Le principal point d’achoppement des négociations sur la biodiversité, ou Conférence des parties ou COP15, concernait le financement des actions de conservation dans les régions du monde les plus riches en espèces, principalement dans le Sud. Les pays en développement ont réclamé un fonds de 100 milliards de dollars de la part des pays riches, similaire au fonds établi par la convention des Nations unies sur le changement climatique pour l’atténuation et l’adaptation au changement climatique. La semaine dernière, les délégués ont organisé un débrayage sur cette question. L’accord final exige des pays riches qu’ils fournissent 30 milliards de dollars par an aux petites nations insulaires et aux pays en développement d’ici à 2030, bien que des recherches aient montré que près de 700 milliards de dollars par an sont nécessaires pour réduire le déclin des espèces. Objections lundi matin, les objections de la République démocratique du Congo et d’autres nations africaines concernant l’insuffisance du financement ont été annulées lorsque Huang Runqiu, président de la COP15 et ministre chinois de l’écologie et de l’environnement, a abattu le marteau pour clore la conférence.

Au total, l’accord final contient 23 objectifs, dont des engagements à réduire de moitié les risques liés à l’utilisation de pesticides et de produits chimiques toxiques dans l’agriculture, à réduire de moitié les taux d’introduction d’espèces envahissantes et à réformer les subventions gouvernementales liées à la destruction de la biodiversité.

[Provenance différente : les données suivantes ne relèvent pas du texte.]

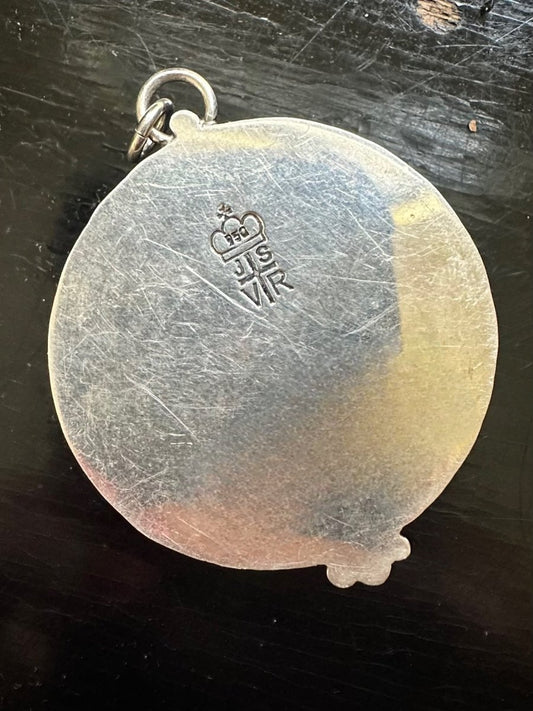 Alex Sanchez Sterling Silver Petroglyph Pendant with Round Turquoise Cabachon
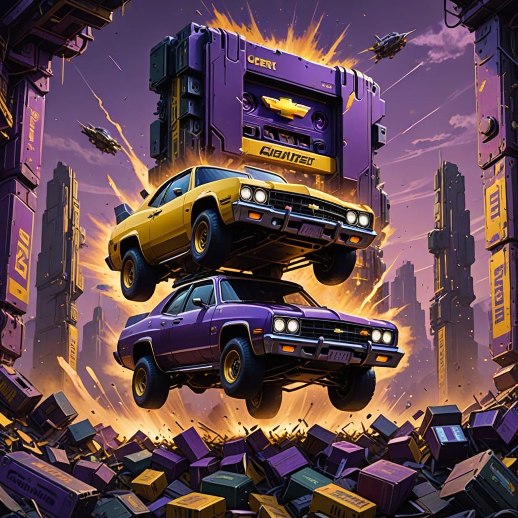 This image shows a classic Chevrolet car leaping over a pile of oversized cassette tapes. The artwork features dynamic lighting, intricate details, and a dark fantasy aesthetic with purple and yellow hues.
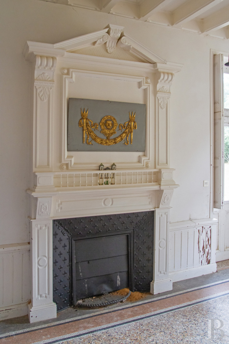 Une large entrée distribue un salon, un bureau, une salle à manger et un couloir qui dessert des toilettes et une cuisine. Les murs du salon sont percés par de larges baies orientées vers le jardin. Une cheminée en marbre est adossée à l'un des murs. Une porte communique avec le bureau. Dans la salle à manger, une cheminée attire immédiatement le regard par son ambitieux décor. Enfin, s'étendent la cuisine et une arrière-cuisine. L'ensemble des sols sont parquetés, à l'exception de la cuisine et de l'entrée, dallée d'une mosaïque et d'un terrazzo.
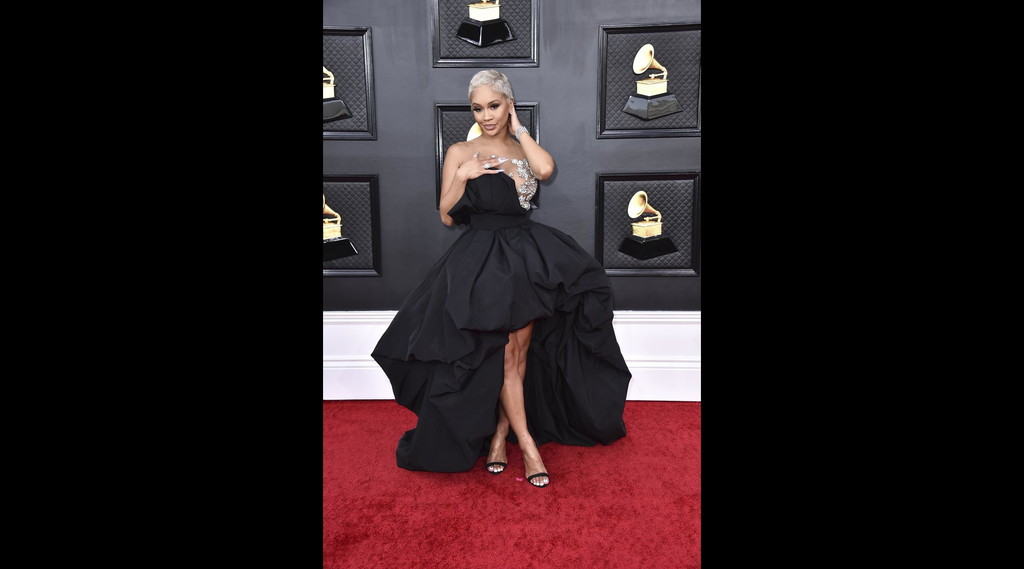 Non meno importante è stato il glamour senza tempo di Valentino: incantevole l’abito a mantella plissé verde in stile Antica Grecia indossato da Sofia Carson, così come quello di Saweetie, eccentrica ma raffinata, che si è presentata con un busto, una lunga gonna e guanti, un look total fucsia firmato Valentino Haute Couture.
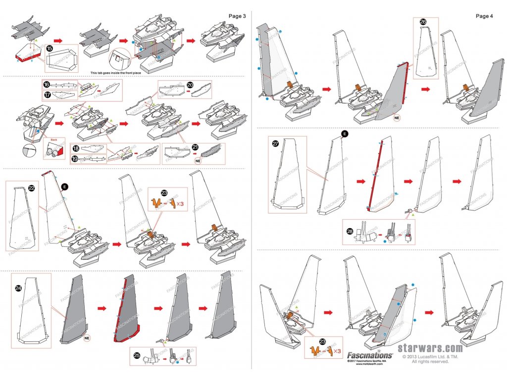 Jednotlivé díly vyjměte z kovových plátků, v případě potřeby použijte malé štípací nůžky (nejsou součástí). Dílky se spojují k sobě pomocí zámků tvořených úchytem (zobáčkem) a otvorem. Zobáček ohněte pomocí malých tenkých kleští (nejsou součástí) a postupně spojte všechny zámky až vznikne velmi realistický mistrovský kousek!

Langage exigeant que les entreprises divulguent leurs impacts sur le monde naturel et leurs risques financiers.associée à l’extinction des espèces a été édulcorée dans la version finale du texte. Les pays en développement et les peuples autochtones avaient également demandé que, lorsque des pays extraient des ressources génétiques de leurs écosystèmes riches en biodiversité, comme les forêts tropicales et les tourbières, pour fabriquer des médicaments et d’autres produits, les pays d’origine reçoivent une part équitable des bénéfices de la recherche. Bien qu’aucun mécanisme n’ait été établi, le texte final prévoit un processus de deux ans pour créer un moyen de financer les communautés et les pays d’où proviennent les données biologiques ; les communautés indigènes sont appelées à être les principaux bénéficiaires.

Les pays ont maintenant huit ans pour atteindre leurs nouveaux objectifs, que certains observateurs ont critiqués parce qu’ils privilégient les intérêts économiques et ne prévoient aucun mécanisme d’application. En l’état actuel des choses, l’objectif de 30 % est mondial, et non spécifique à un pays donné, et les engagements seront volontaires, à l’instar de l’accord de Paris. Lors de la conférence sur la biodiversité qui s’est tenue en 2002 aux Pays-Bas, les parties ont convenu de réduire le taux de disparition des espèces d’ici 2010, mais elles n’y sont pas parvenues. La dernière grande vague de fixation d’objectifs en matière de biodiversité a eu lieu à Aichi, au Japon, en 2010, et pas un seul des objectifs de la réunion n’a été atteint à l’échéance de 2020. Au vu des résultats obtenus, il reste à voir si les pays respecteront leurs nouveaux engagements ambitieux.